Displayed among early drawings is a printed interview from May 1967 -- at that time, Burrows was on the precipice of his career -- he said that when he paints “guts and image are most important to me” but in sculpture a “sense of presence and to get this, I try to annihilate all trace of guts and image.” The polymer panels have that presence, and an earnestness that transcends vulnerability, no guts needed.
It is incredible to see the diversity and evolution of an artist’s work in one space, strange even. The rusted fasteners and browning collection of typewriter written notes and field photographs in Burrows’ Duo-Tangs from his days compiling his Skwat Doc, a documentation of slums and squatting communities around the world in the 1970s, stand in stark contrast to the heaviness and maturity that his most recent polymer resin pieces suggest to the viewer.
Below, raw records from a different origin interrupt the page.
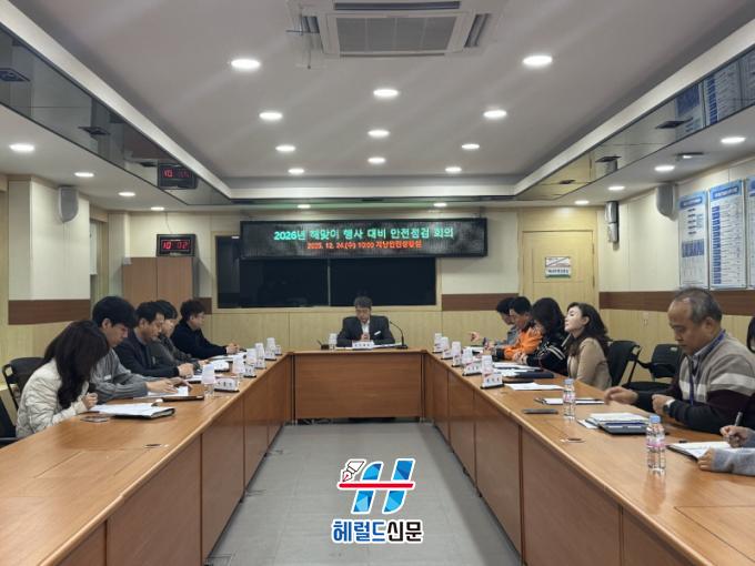 [Çì·²µå½Å¹® = ³ë½Â¾ð ±âÀÚ] ±¤¾ç½Ã´Â Áö³ 24ÀÏ Àç³¾ÈÀü»óȲ½Ç¿¡¼ ÇØ¸ÂÀÌ Çà»ç¸¦ °³ÃÖÇÏ´Â 8°³ À¾¸éµ¿°ú ±¤¾ç°æÂû¼, ±¤¾ç¼Ò¹æ¼ °ü°èÀÚ°¡ Âü¼®ÇÑ °¡¿îµ¥ 2026³â ÇØ¸ÂÀÌ Çà»ç ´ëºñ ¾ÈÀüÁ¡°Ë ȸÀǸ¦ °³ÃÖÇß´Ù.
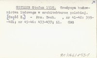 SZYLLER Stefan 1916 Tradycya budownictwa ludowego w architekturze polskiej. [Część I.]
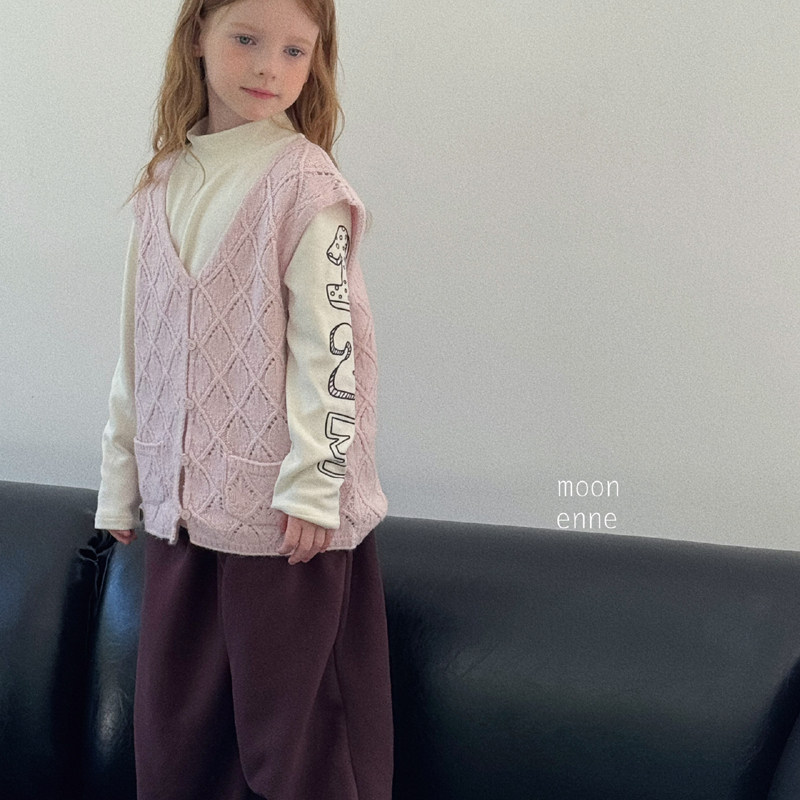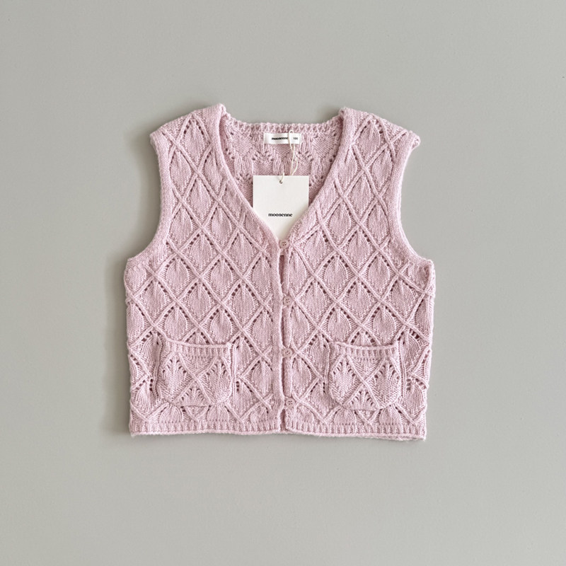 花样衣家女童中大童冬季新款镂空针织马甲浅粉色菱格开衫毛衣背心
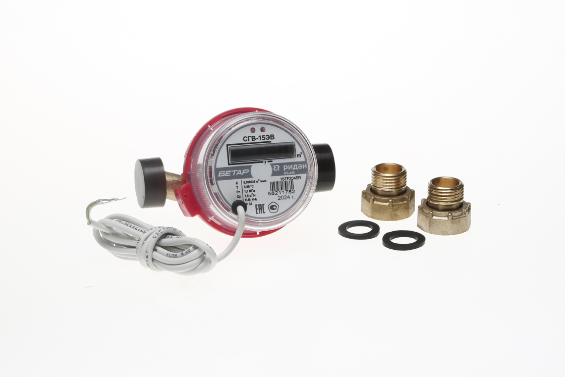 Ридан 187F2066R — Счётчик воды СГВ-15МВ c импульсным выходом (L80) без фитингов
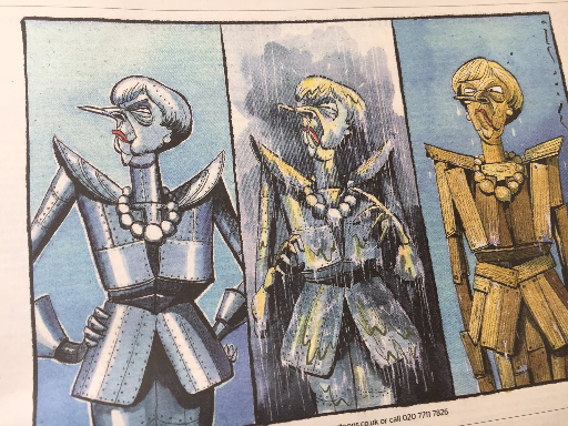 I will explain the last one, then. Theresa May (our current PM) is doing her best to evoke images of Margaret Thatcher (a previous PM who is regarded with extreme devotion by the Right and utter hatred by the Left). Thatcher was most often nicknamed “The Iron Lady”. However in recent showings leading up to the election May has made a pretty poor showing, leading few to regard her as a second Iron Lady. This is illustrated by showing the Iron Lady being caught in the rain. The rain turns her into wood, just like we all know happens to iron when it gets wet.
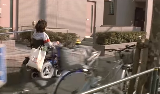 전동휠체어를 타고 혼자 외부활동을 합니다.
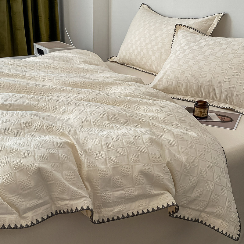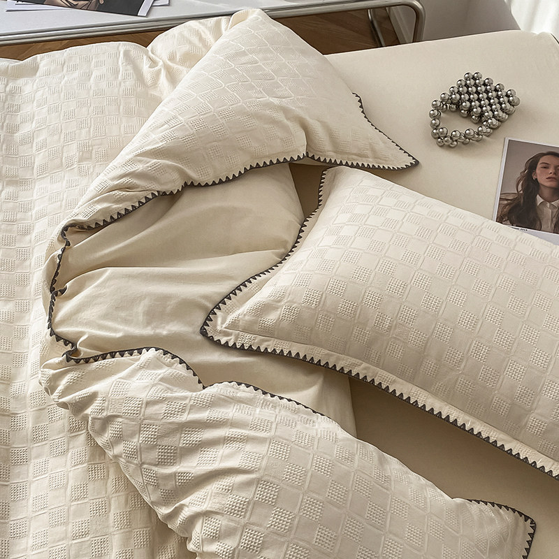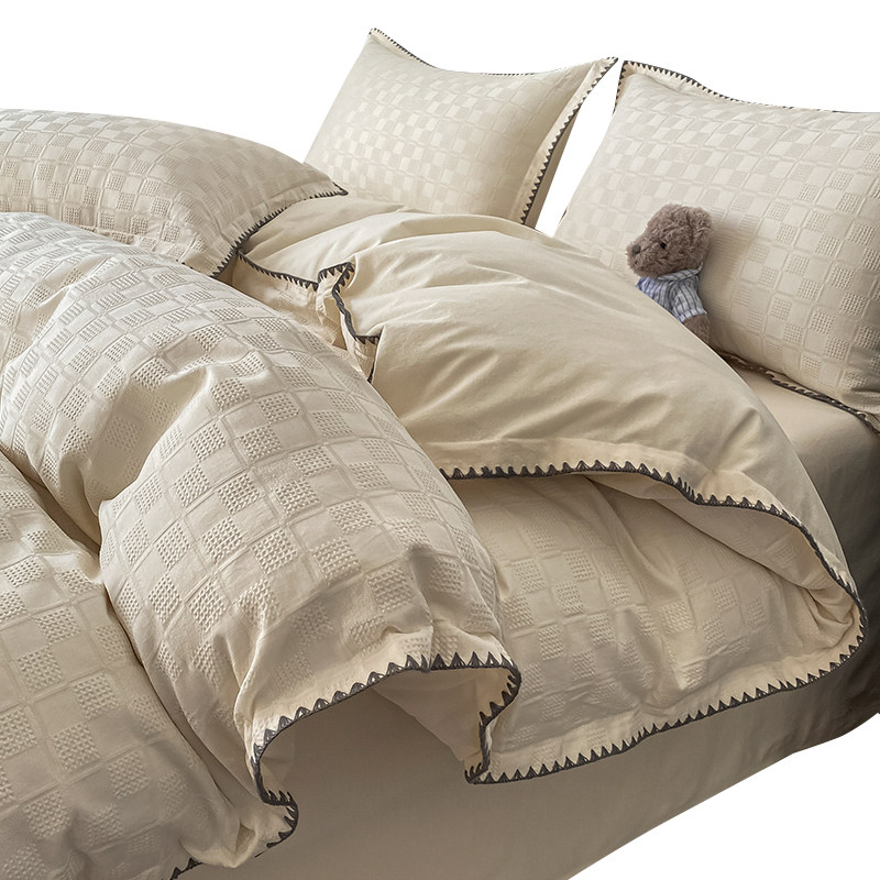 Four pieces of covered pure cotton all-cotton linen quilt cover light extravagant advanced senses minimalist pure color bed Ogasawara bed Bedding Spring Autumn Season
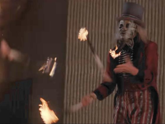 At 13:50, 3 men on stilts with 3 torches each appear on and off for 36 seconds, but only one juggles the torches, while the others just wave them around. But at the end of this scene, 2 of the stilt walkers can briefly be seen passing 6 torches.
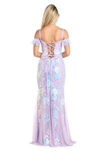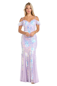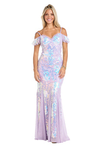 In soft lilac purple, this long sequin-print prom dress 19064 by Morgan is a celebration or sparkly style. In junior sizes, this long formal dress has eye-catching sequin floral prints from the cold-shoulder bodice to the hem, while thin bands lace up over the open back for the best fit. The long sequin-print purple print evening gown has ruffled banded sleeves that drape beautifully over the upper arms, while the long skirt smooths over the hips before reaching the floor. A stunning blend of dazzling style and timeless charm, this long purple sequin-print prom dress is a stand-out style for prom, galas, and other formal events.
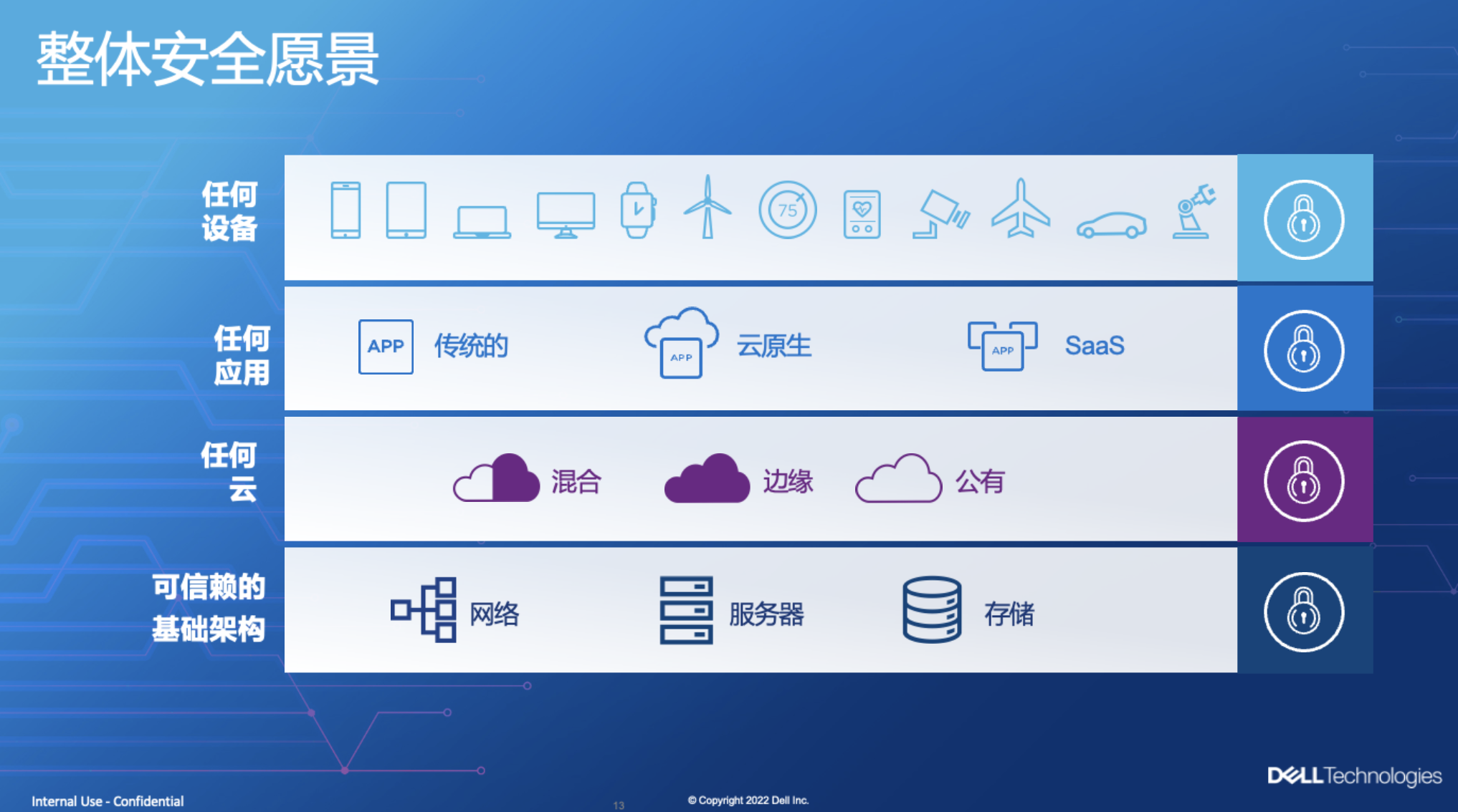 戴尔基于这种优势提出了整体安全愿景,覆盖基础架构、云、应用到设备四个层次。
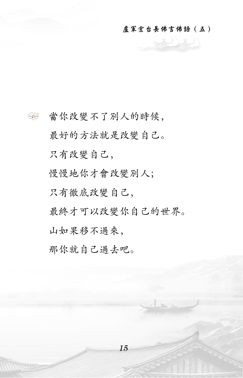 不限会员 当你改变不了别人的时候, 最好的方法就是改变自己。 只有改变自己, 慢慢地你才会改变别人; 只有彻底改变自己, 最终才可以改变你自己的世界。 山如果移不过来, 那你就自己过去吧。 |佛言佛语 第五册
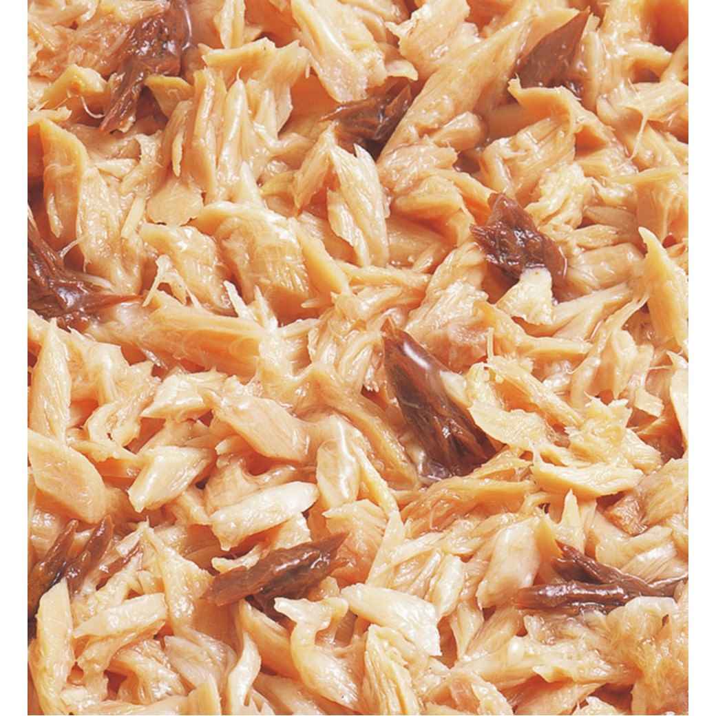 まぐろとかつおの丸ごとフレークをゼリーで包みました。まぐろエキス、オリゴ糖配合。細かめフレークはビタミンE強化(当社成猫用比1.5倍)で、高齢猫の健康にも配慮。着色料不使用。国産品。
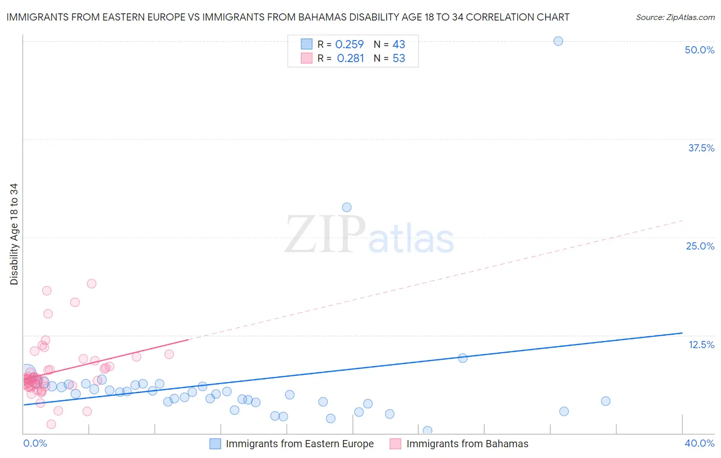 Immigrants from Eastern Europe vs Immigrants from Bahamas Disability Age 18 to 34 Correlation Chart
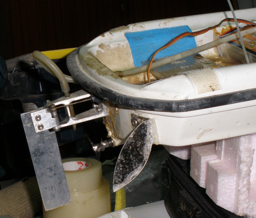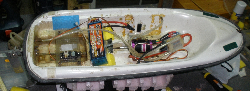 Le he tenido que variar la cogida de las baterias y poner un timon mas grande pues al pesar menos no entraba suficiente en el agua.
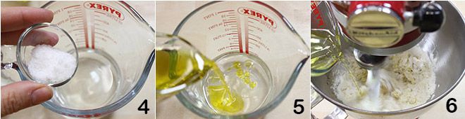 En el agua restante, disuelva la sal 4 y añada el aceite 5, mezcle bien, luego vierta el líquido obtenido en la harina, continuando a mezclar 6. Amasar todo durante 10 minutos, o hasta obtener una masa compacta.
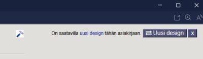 Directon dokumenteissa näkyy ilmoitus, että dokumentista on saatavilla uusi ulkoasu, ja käyttäjä voi avata sen painikkeella Uusi Design.
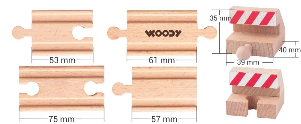 Ovaj praktičan set donosi kombinaciju ravnih dijelova tračnica i završnih odbojnika koji sprječavaju vlakove da skliznu s pruge. Dijelove lako možete uklopiti u svoju postojeću drvenu željezničku prugu i odmah proširiti mogućnosti igre. Zahvaljujući kompatibilnosti s popularnim brendovima kao što su BRIO, IKEA, ELC, Eichhorn, Woodyland, Tesco, Carousel i Bigjigs Toys, izgradit ćete dulje, sigurnije i zabavnije rute.

Time is not the only thing separating Burrows earliest works from his latest: if one were to go in without prior knowledge of the exhibition, it would definitely seem as though the gallery was showing several different artists. The juxtaposition of his outdoor mud flats found material sculptures such as Mud Ring and his photographic expressions of those same installations demonstrates Burrows’ deft ability to move between mediums and his rejection of formalism -- focusing on meaning found in a work’s context and its relationship with circumstances rather than its formal elements.
The exhibit will be shown until April 12, 2015. The photographic work No Sleep can be found in the Walter C. Koerner Library as part of the exhibition.